We are reading the file once through via 512 byte chunks instead looping over the lines just because in Go we’ll have to read the file by chunks.

Here is the code in Go:

package main

import (
     "os"
     "fmt"
)

func main() {
     var fname string = os.Args[1]
     var buf [512]byte
     var count int

     fmt.Printf("Got %s\n", fname)

     afile, _ := os.Open(fname)
     for {
         nr, _ := afile.Read(buf[:])
         if nr == 0 || nr < 0 {
             fmt.Print(count)
             os.Exit(1)
         }
         count++
     }
}

I’m just learning Go and honestly don’t know nearly as much as I’d like about C, so please take this with a grain of salt.

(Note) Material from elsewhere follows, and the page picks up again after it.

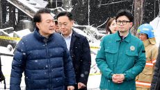 용산 사퇴요구 거부한 한동훈···충남 서천시장 화재현장서 민생행보

I ran both programs a few times using the time command. The results were pretty similar.

# Using Go
real 0m0.049s
user 0m0.012s
sys 0m0.036s
# Using Python
real 0m0.054s
user 0m0.044s
sys 0m0.012s

The conclusion I would draw is not that one is faster than the other, but simply, that opening a file is usually about the same in in most languages. This is an important point because it means that some database is typically going to have a similar level of overhead just reading files. If you can optimize things further once you open the files, there is a decent chance you can create something that is faster than a generic database. This optimization is probably non-trivial. Parsing the content of the file could be expensive and navigating the contents could also be difficult. That said, most databases keep a customized format on the disk in order to find delimiters and limit creating tons of files. In a MapReduce type system, looping over all the files in a directory and knowing that the whole file needs to be read as a single entity could actually be an optimization vs. having to seek to different portions in order to find specific information.

No matter what sort of system you need to build, it is good to know that you are building it on the shoulders of all the great software engineers that came before you. At some point the concept of a “file” became a critical interface and that interface still stands as a valuable tool to getting work done. It is not surprising that the simple file still manages to be at the center of innovation as we move towards more and more cores, crossing massive networks.